Department of Head and Neck Surgery, Renji Hospital, School of Medicine, Shanghai Jiaotong University, 160 Pujian Road, Pudong District, Shanghai, 200127, China.
Fun-med Pharmaceutical Technology (Shanghai) Co., Ltd., RM. A310, 115 Xinjunhuan Road, Minhang District, Shanghai, 201100, China.
Endocrine. 2021 Jun;72(3):758-783. doi: 10.1007/s12020-020-02523-x. Epub 2020 Nov 12.
To assess the capacity of support vector machine (SVM) algorithms that are developed based on platelet RNA-seq data in identifying thyroid neoplasm patients and differentiating patients with thyroid adenomas, papillary thyroid cancer and metastasized papillary thyroid cancer.
Platelets were collected and isolated from 109 patients and 63 healthy controls. RNA-seq was performed to find transcripts with differential levels. Genes corresponding to these altered transcripts were identified using R packages. All samples were subsampled into a training set and a validation set. Two SVM algorithms were developed and trained with the training set, using the genes with differential transcript levels (GDTLs) as classifiers, and validated with the validation set. GO and KEGG pathway enrichment analysis were performed using the R package clusterProfiler.

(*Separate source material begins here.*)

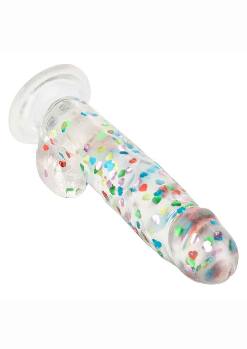 The Naughty Bits I Love Dick Heart Filled Dong is one heart-on you will love! The playful dong is crafted with a like-feel feel, suction cup base, and sparkling heart confetti design.

We detected 765 GDTLs (442 up-regulated and 323 down-regulated) in platelets of patients and healthy controls. The algorithm identifying thyroid neoplasm patients achieved an accuracy of 97%, with an AUC (area under curve) of 0.998. The other algorithm differentiating patients with multiclass thyroid neoplasms had an average accuracy of 80.5%. GO analysis showed that GDTLs were strongly involved in biological processes such as neutrophil degranulation, neutrophil activation, autophagy and regulation of multi-organism process. KEGG pathway enrichment analysis revealed that GDTLs were mainly enriched in NOD-like receptor signaling pathway and pathways in endocytosis, osteoclast differentiation, human cytomegalovirus infection and tuberculosis.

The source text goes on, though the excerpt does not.